Rather than tell you the frames I tried that didn't work I'll tell you what did - the trusty Eyas X2 Elf from Banggood which coincidentally was the first micro I built a year and a half ago. Rather than tell a bring story I've captioned the images below to let you know my though process and the outcome. FYI the X2 Elf frame is available from Banggood for less than $10 ($7 at time of writing). It requires minimal modifcation as you'll see below. Click on any image to embiggen.
As you can tell the Tinyleader frame has front motors spaced much further apart than rears which allows you to keep propellers out of view which was obviously a consideration for the TinyLeader HD in particuar. This frame shape is know as a 'deadcat'. In a stroke of skill (read:luck) The X2 Elf frame has a slight deadcat to it mean this will keep props out of view too.
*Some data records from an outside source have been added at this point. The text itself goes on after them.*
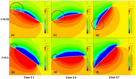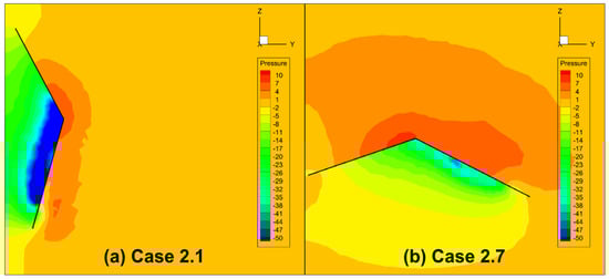Pressure distribution of typical cases at t* = 0.6: (a) case 2.1; (b) case 2.7.
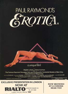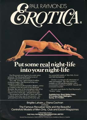 In 1981, he combined all his interests in an extraordinary vanity project, the grandly-titled Paul Raymond’s Erotica, in which French porn queen Brigitte Lahaie played a journalist examining the sexy world of the Revuebar and Raymond’s glamorous lifestyle. Directed by Brian Smedley-Aston and designed to be several cuts about the usual British sex film of the era (a genre that was already on its last legs), Erotica instead is a mix of egomania, extraordinarily down-market softcore (one sex scene takes place in a refrigerated meat truck) and footage of the Revuebar, in which bored punters – in reality, Paul Raymond Publications staffers – watch dead-eyed men and women simulating sex amongst extravagant sets, in scenes that have all the erotic appeal of a trip to the morgue.
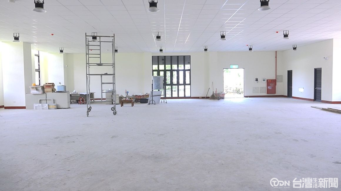 空蕩蕩宛的建築內部,隨處都能看到各種工地器具和油漆等推放在一旁,這是最近才剛完工的后里國中活動中心,由於3年前因為營建物價指數上漲,流標多次,不得已只好採減項發包,先完成主體建築,但內部設施卻還未有著落。
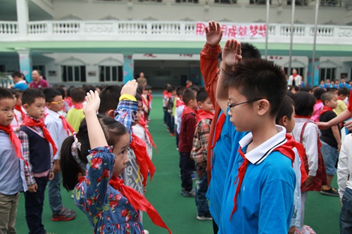 Today, we have ushered in a new force. More than 400 new young pioneers of the grade one will be honored to join the young pioneers organization.
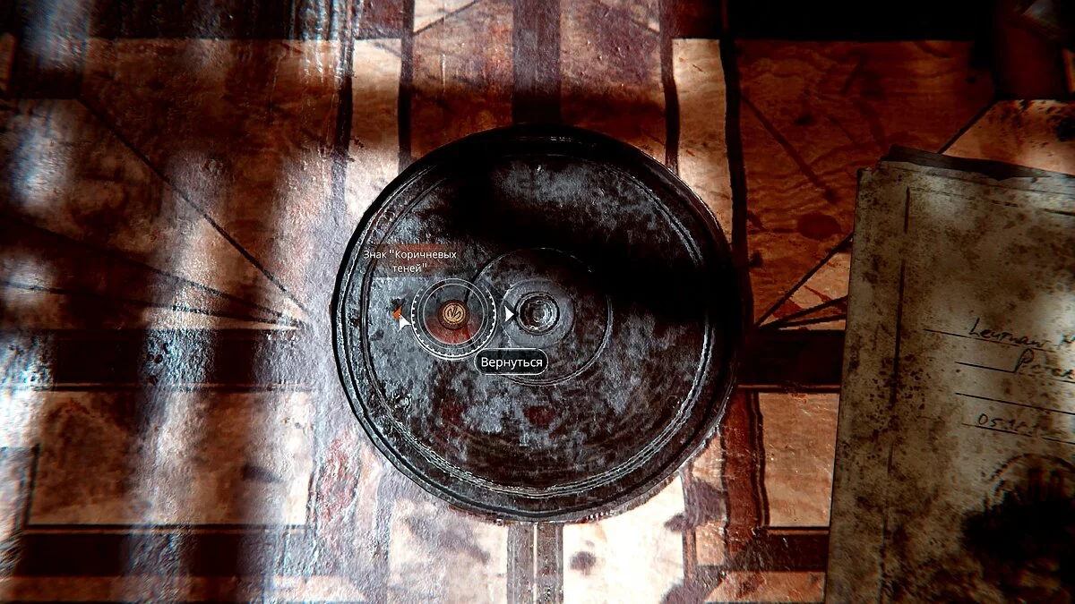 Прочтите документы, отодвиньте руку офицера и нажмите на кнопку в столе. Откроется потайной ящик. Заберите оттуда деревянный диск с фашистской символикой и вставьте его в круглое отверстие в столе. Справа откроется панель с ключами. Перед этим вам нужно взаимодействовать со всеми интерактивными объектами, чтобы завершить побочную задачу «Исследовать поезд».
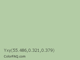 Yxy 55.486,0.321,0.379 Color is a light green color and the nearest color is Rainee #b9c8ac. Hex code #b3cca5 and RGB value is rgb(179,204,165). In RGB color space, this color is composed of 70% red, 80% green, 65% blue, In CMYK color space, this color is composed of 12% cyan, 0% magenta, 19% yellow , 20% black , In HSL color space, this color has a hue angle of 98° , 28% saturation and 72% lightness.
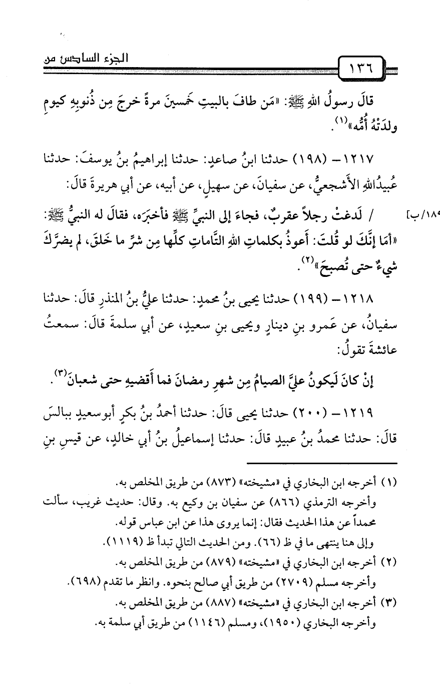1217- (198) حدثنا ابنُ صاعدٍ: حدثنا إبراهيمُ بنُ يوسفَ: حدثنا عُبيدُاللهِ الأَشجعيُّ، عن سفيانَ، عن سهيلٍ، عن أبيه، عن أبي هريرةَ قالَ:
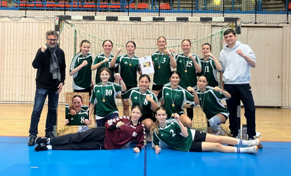 Die erfolgreichen Handballerinnen des Friedrich-Dessauer-Gymnasiums Aschaffenburgnach dem Sieg der Unterfränkischen Meisterschaft (Fotos: Angela Teichert). Die Jungen IV (2013–2015) gewannen alle Turniere von der Stadtmeisterschaft bis zum Nordbayerischen Titel und krönten sich im Landesfinale in Günzburg zu Bayerischen Meistern. Damit sicherten sie sich das Ticket zum Bundesfinale in Berlin.
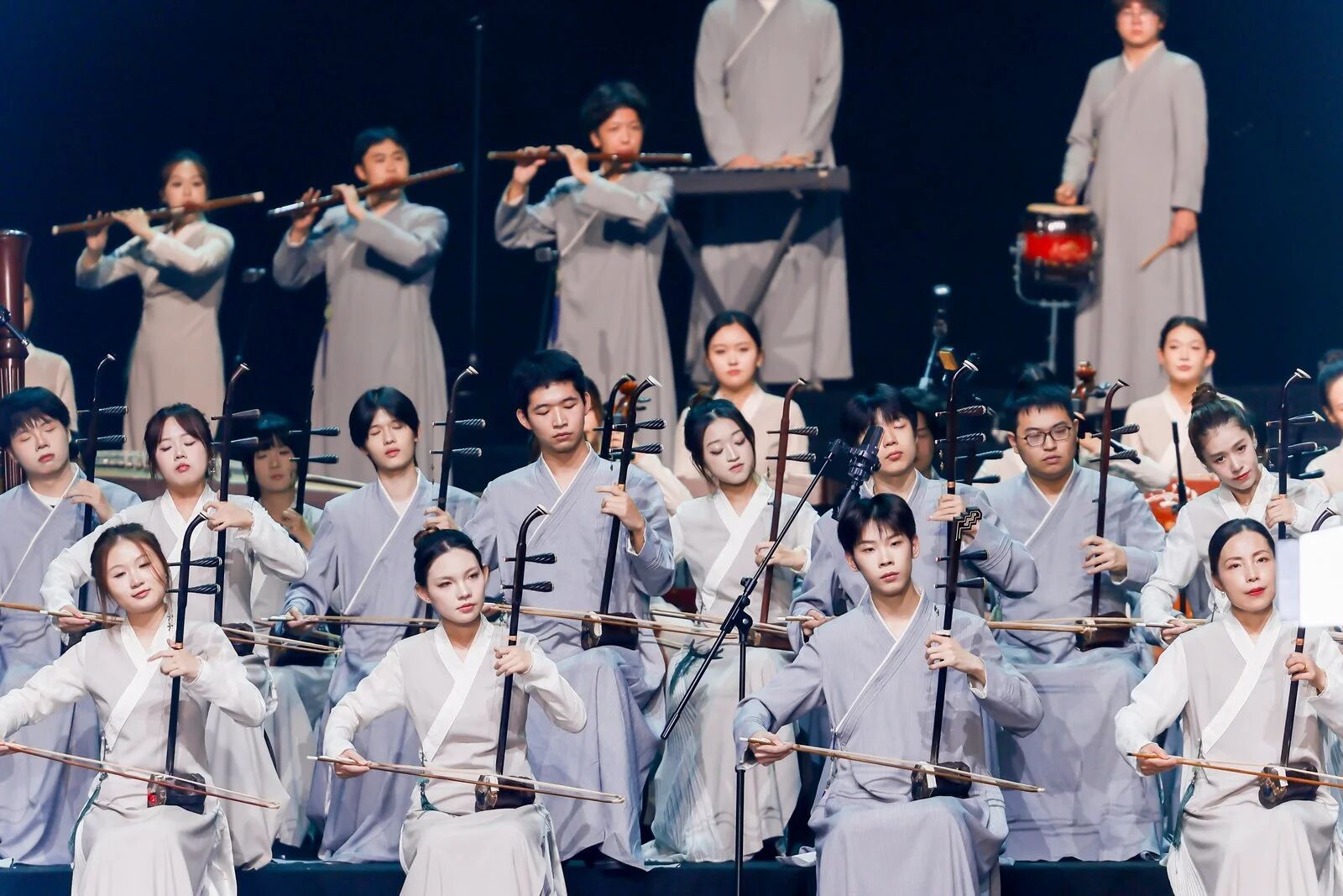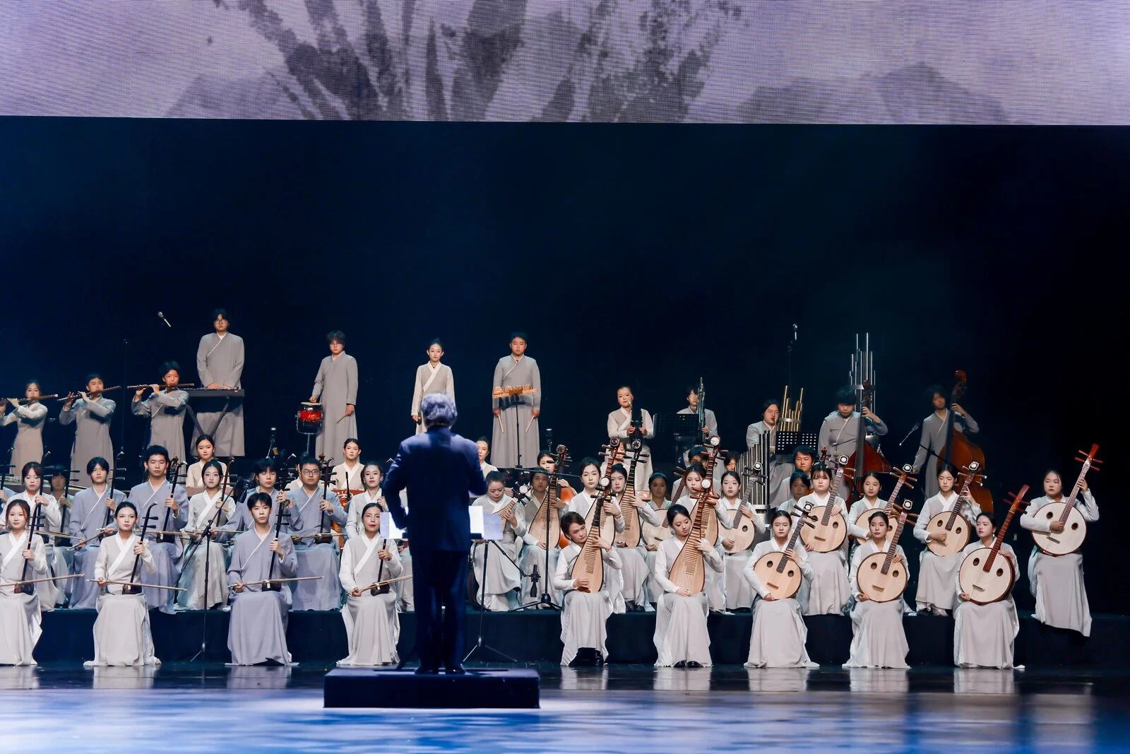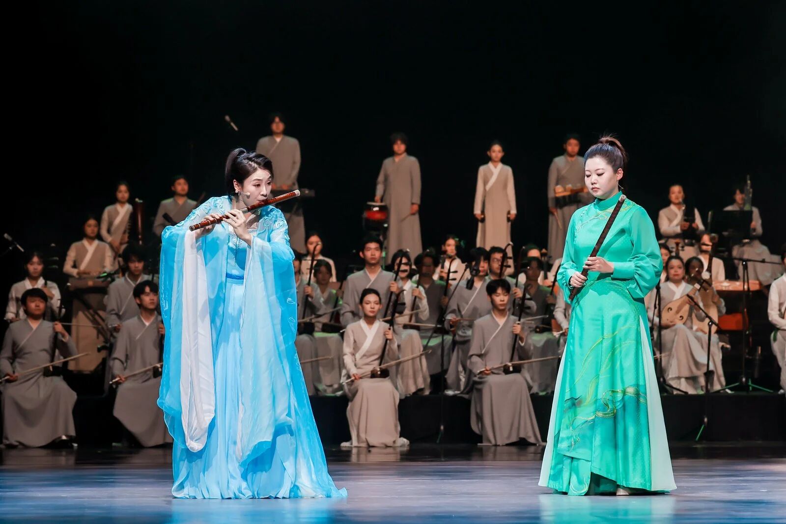 “育人深度”篇章,將目光聚焦于學(xué)校深厚的文化積淀。當(dāng)主持人深情回顧“浙派笛藝”創(chuàng)始人趙松庭先生的藝術(shù)人生時(shí),劇場(chǎng)內(nèi)一片靜謐。趙先生代表作《幽蘭逢春》由“浙派笛藝”第三代傳人——青年演奏家常軼偉、韓慧慧演奏,在中國(guó)廣播民族樂團(tuán)常任指揮張列先生的執(zhí)棒下,與音樂學(xué)院民族管弦樂團(tuán)共同奏響這經(jīng)典旋律。笛音裊裊,既是致敬,更是傳承的回響。

After test-fitting I found that full 2" props are bit of a push with connectors and cameras screws. Luckily the Gemfan Hulkie 1940 1.9" is an excellent propeller and fits perfectly with no fouling.
I love the new 2s brushless whoops - I have the TinyLeader (review here), the Mobula7 (review here) and the Eachine Traschcan (review here) but feel they are pushing the limits of this design and result in some odd flight behaviour in propwash - yaw twitches where betaflight seems to freak out. Without so much as touching the tune the move to the new chassis has completely solved this.
There is so much more thrust and efficiency on this quadcopter now which was not unexpected - this behaviour is typical when you go from an over loaded prop to one with the correct load. I'm up by about 30 seconds of flight time and have much more power and control now - I can pull out of dives much later and the 'point and shoot' flight characteristics of the ducted frame is gone - it is now much more like a conventional micro where you can bank and slide through corners rather than being more yaw-based.
Size comparison to the Leader 2.5 (review here)
Test flights so fare have been using a GNB 2s HV 300mah 80c which is now available at banggood. This is a really good battery and gives me around 3 minutes of flight as below coming down at around 3.75v per cell rested. Although the TinyLeader can run 3s I believe these motors are too high in kV for this with this larger prop size. Conversely I intend to try with 1s (for science!) but will realistically just run a betaflight throttle scale if I want to tame it down for small areas.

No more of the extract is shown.